I came across an excellent primer for students on How to Spot Fake News. It simplified a few things we (and students) could do to check if a story is credible.
In teaching Photoshop a big part of it is to get students to create something that seems plausible, but ‘fake.’ This week, one of my 6th graders worked on an animal face-off and was amazed at how real a photo-montage might seem, even though it was a silly cat-fight.
Back to the Common Sense Media article. It lists six things to check for:
- Who made this?
- Who is the target audience?
- Who paid for this? Or, who gets paid if you click on this?
- Who might benefit or be harmed by this message?

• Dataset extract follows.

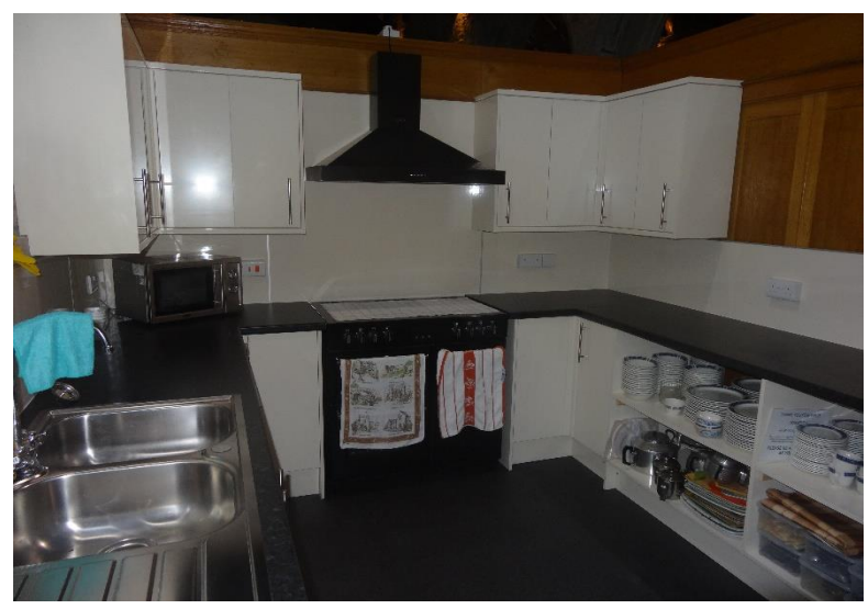
The kitchen complete and in use.

It was now possible to take the final as-built dimensions for the extended new kitchen enclosure and so agree a final kitchen layout and obtain quotations. With everything agreed the instruction to go ahead with the kitchen installation was given. The 1<sup>st</sup> fix electrical work began in October, followed by the installation of the kitchen units, then the final fix electrics and plumbing, the new floor finish and finally the new cooker and fridge/freezer.

- What is left out of this message that might be important?
- Is this credible (and what makes you think that)?
I found a more insightful primer from Washington Post (Video below), which provided more ways to validate a story or an image. Such as:
- Dragging an image into Google images
- Downloading a Chrome Plugin for spotting Fake News
- looking closely at the URL, often made to look like the original URL
- Inspecting the image to see if it looks Photoshopped
https://www.washingtonpost.com/video/c/embed/60daed34-adb2-11e6-8f19-21a1c65d2043
Yes, many images we see are so heavily doctored that we turn a blind eye to the fact that they are not exactly real. So my hope is that by Photoshopping images themselves, students might pay a little more attention to the visuals coming at them from media platforms they use.
And that’s not even getting to the language used to pitch the story or idea, learning to look for clues in the craft of the writer, which is another topic entirely.